Emir of Tiflis
- Reign: 829-833
- Predecessor: Muhammad ibn Atab
- Successor: Ishaq
- Ali ibn Shuab
- House: Shuabids
- Father: Sayyid ibn al-Khayyam ibn-Shuyb
- Religion: Sunni Islam

= Ali ibn Shuab al-Tiflis =

Ali ibn Shuab al-Tiflis was a leader of the Emirate of Tiflis, an Arab state in Georgia that reigned from 829 to 833. A member of the Shuabid dynasty, he was a subject of the Abbasid province of Arminiya and was appointed to replace a rebellious emir. His short reign was marked by the continuation of Tiflis's conflict with Christian Georgia.

== Biography ==
Ali ibn Shuab was a member of the Shuabid dynasty, a powerful Arabic family residing in Tiflis since the Arab invasion of the 730s. He may have been a son of Sayyid ibn al-Khayyam ibn-Shuyb, a military commander who led expeditions in Kartli toward the end of the 8th century, and the younger brother of Ismail ibn Shuab, the first known emir of Tiflis.

In 829, he was appointed emir al-Tiflis, leading the Arab administration at the center of Georgian territories, by Khalid ibn Yazid al-Shaybani, the Abbasid governor of Arminiya, who had deposed the rebellious emir Muhammad bin Atab, thus restoring the Shuabid dynasty.
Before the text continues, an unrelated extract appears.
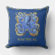 Bateau ou Beach House Octopus Bleu Élégant lancer oreiller. Un élégant oreiller bleu chic, parfait pour votre décor de bateau de luxe ou maison de plage. Changez le nom de votre propre nom ou celui des bateaux.

Leading Arab forces in Georgia, he faced the Reconquista ambitions of Ashot I Bagrationi, Kouropalates in Iberia. The latter was murdered in January 830 by orders of the Abbasid governor of Arminiya, while Ali managed to reject the advances of Ashot's successor Bagrat I and forced him to pay tribute. His control on the rest of Georgia remained short-lived and he was replaced by his nephew Ishaq.

== Bibliography ==
- Asatiani, Nodar (2009). "History of Georgia"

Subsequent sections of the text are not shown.